Source material:
—————

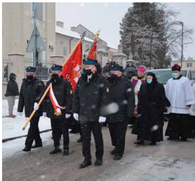
Kondukt otwierali druhowie z gminy Masłów.
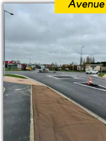
Avenue de l'Europe
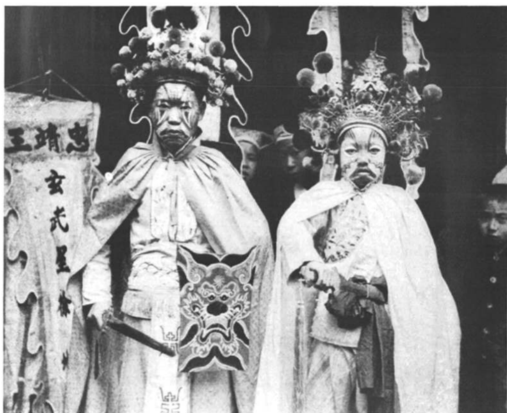
□这两位也披白袍和持剑，气势汹汹，身边还有“忠靖王”的旗帜。
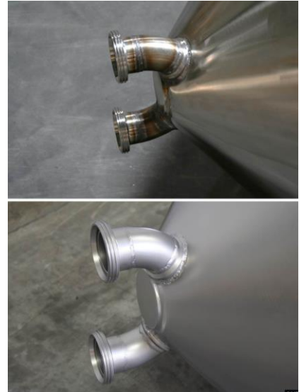
Voor en na

—————

What you are asked to do: Restate the full listing word for word, excluding images.

Exercise result:
Kondukt otwierali druhowie z gminy Masłów.
Avenue de l'Europe
□这两位也披白袍和持剑，气势汹汹，身边还有“忠靖王”的旗帜。
Voor en na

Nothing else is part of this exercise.